Probabilities One Hot Vector

[[0. 0. 0. 0. 0. 0. 0. 0. 0. 0. 1. 0. 0. 0.]]

Category Prediction:

repair experience/availability


In [244]:
input_comment = """
i had to repeat myself many times because the person i talked to did not understand what i was saying"""

In [245]:
comments_vect = comments_vect_counts.transform([input_comment])

print(comments_vect.shape, end='\n\n')

comments_pred = model.predict_proba(comments_vect)

print('Probabilities', end='\n\n')
print(comments_pred, end='\n\n')


comments_pred_hot = get_one_hot_predictions(comments_pred)

print('Probabilities One Hot Vector', end='\n\n')
print(comments_pred_hot, end='\n\n')

print('Category Prediction:', end='\n\n')
print(y_enc.inverse_transform(comments_pred_hot)[0][0])

(1, 3000)

Probabilities

[[4.5612730e-21 1.0000000e+00 1.0968228e-17 1.9419117e-16 1.6112674e-21
  6.2411744e-24 3.9289934e-34 2.7189185e-27 5.9850743e-22 3.8446253e-22
  6.9290071e-19 9.5610242e-10 1.3797056e-20 7.4135892e-23]]

Probabilities One Hot Vector

[[0. 1. 0. 0. 0. 0. 0. 0. 0. 0. 0. 0. 0. 0.]]

Category Prediction:

agent contact skills


In [246]:
input_comment = """
i had to sent three e mails before you answer"""

In [247]:
comments_vect = comments_vect_counts.transform([input_comment])

print(comments_vect.shape, end='\n\n')

comments_pred = model.predict_proba(comments_vect)

print('Probabilities', end='\n\n')
print(comments_pred, end='\n\n')


comments_pred_hot = get_one_hot_predictions(comments_pred)

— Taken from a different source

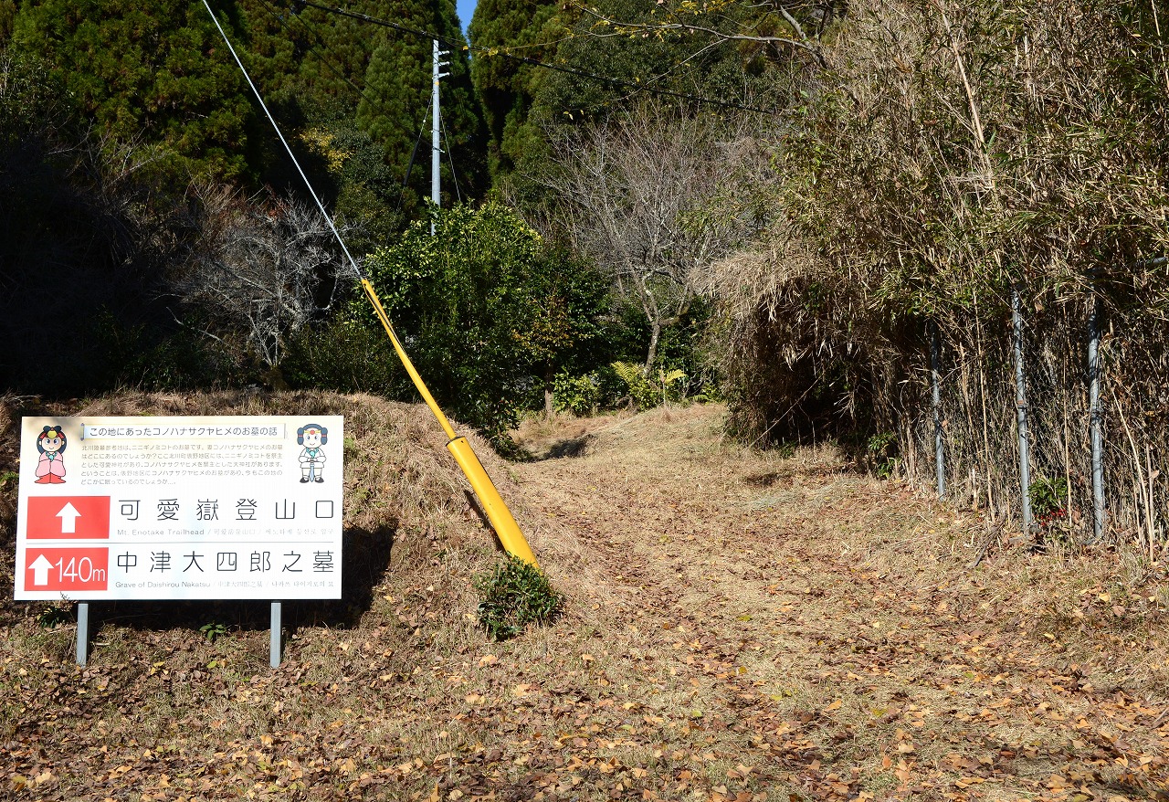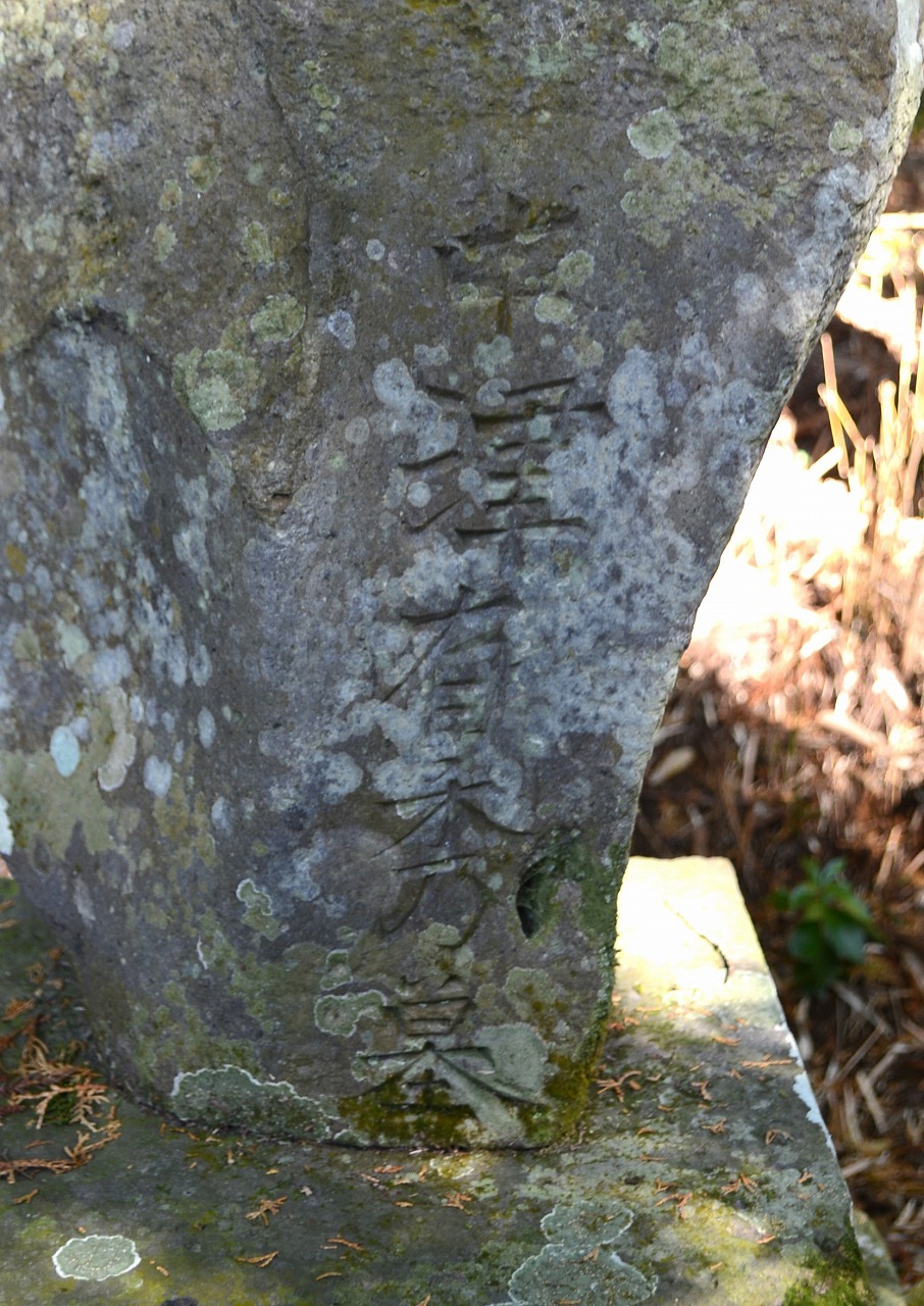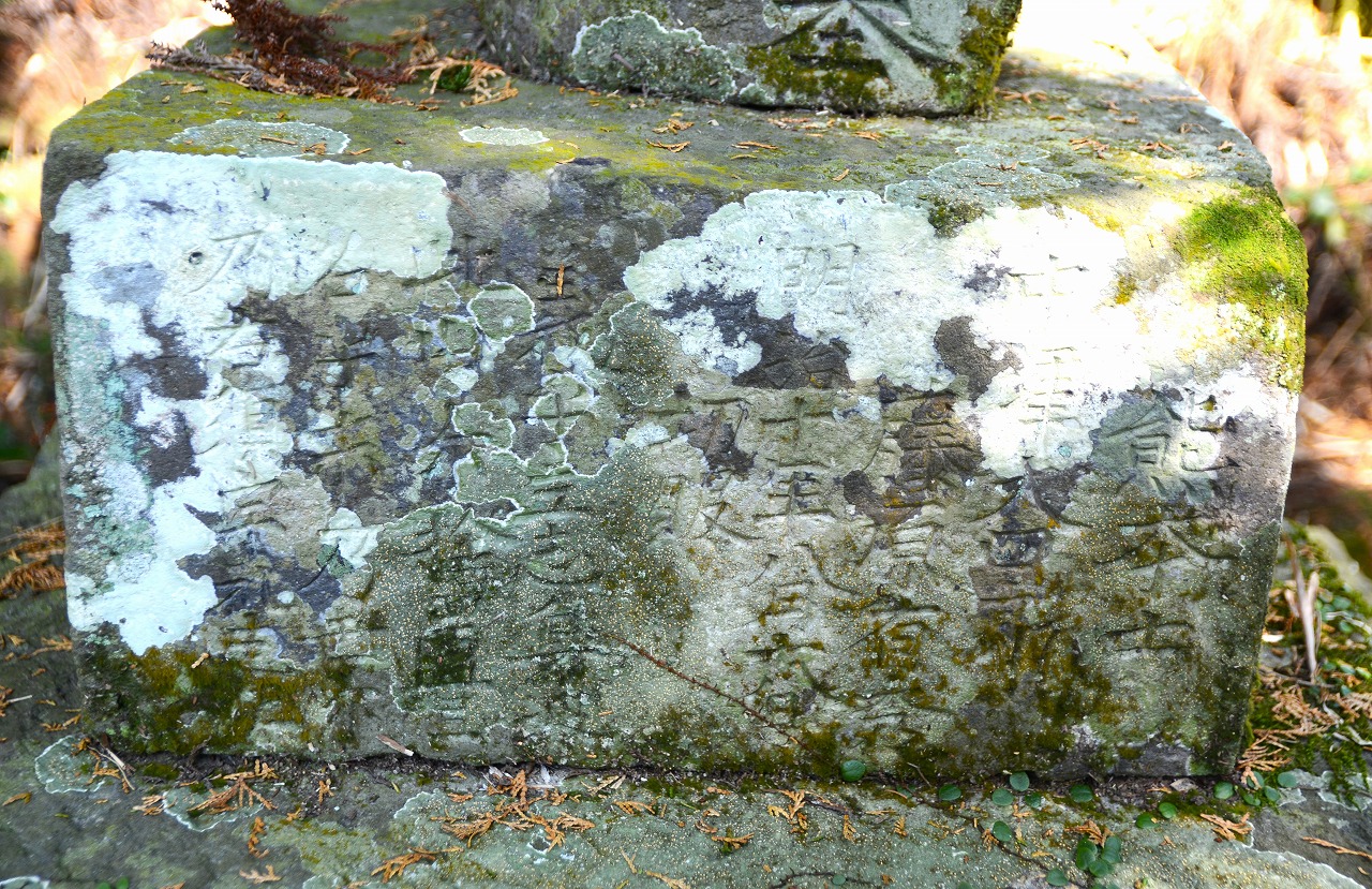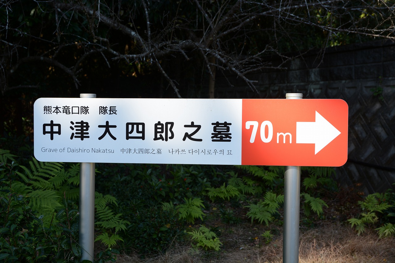 中津大四郎(有秀)は、弘化(こうか)元年(1844)熊本城下生まれ。旧肥後藩士の馬術師範役だった中津は、西南戦争が始まった明治10年(1877)2月20日、同志40人を糾合し(後に200余人となる)久本寺に本営を置いて竜口隊(りゅうこうたい)を結成。薩軍の糧食を供給する炊飯所を設けて軍を後方から支援し、軍が熊本を撤退した後も竜口隊は各地を転戦しました。8月15日の「和田越の戦い」に敗れた後、俵野に追い詰められた薩軍は翌16日に全軍に解散令を出し、ここで諸隊は解散し官軍に降服しましたが、中津は同志達に別れを告げ、さらに西郷、桐野、村田ら薩軍幹部達と面会。「そこもとすでに決するところあり、これより屠腹永訣せん」と言い残し、敗戦の責任を取って竜口隊の副隊長格だった野口勝三を介錯人として、天神社の裏手で自刃しました。34歳でした。部下たちも共に自決することを願い出ましたが、すべて禁止したと伝えられています。中津大四郎の墓は、可愛御陵(えのみささぎ)参考地から北に約140メートル緩やかな坂を上った天神社境内の西側山中にあり、『義乎立志 身波此山爾捨天名乎 末野世爾萬天 乃古須宇禮志佐』(義を立てし 身はこの山に捨ておくも 名を末の世にまでのこす嬉しさ)の辞世の句が刻まれています。自刃の際に大四郎は、天神社の神主に金銭を渡し、自身の墓を建て辞世の句を刻むよう頼んだ、と伝えられています。

print('Probabilities One Hot Vector', end='\n\n')
print(comments_pred_hot, end='\n\n')

print('Category Prediction:', end='\n\n')
print(y_enc.inverse_transform(comments_pred_hot)[0][0])

(1, 3000)

Probabilities

[[1.7313271e-08 2.0742184e-05 1.9657342e-05 4.6481141e-03 5.6552727e-09
  3.9227157e-08 8.5542858e-11 3.7096447e-06 2.8665161e-07 5.1006445e-08
  2.1594708e-06 9.9450231e-01 2.9879510e-09 8.0292067e-04]]

Probabilities One Hot Vector

[[0. 0. 0. 0. 0. 0. 0. 0. 0. 0. 0. 1. 0. 0.]]

Category Prediction:

support efficiency


As we can see the model makes accurate predictions.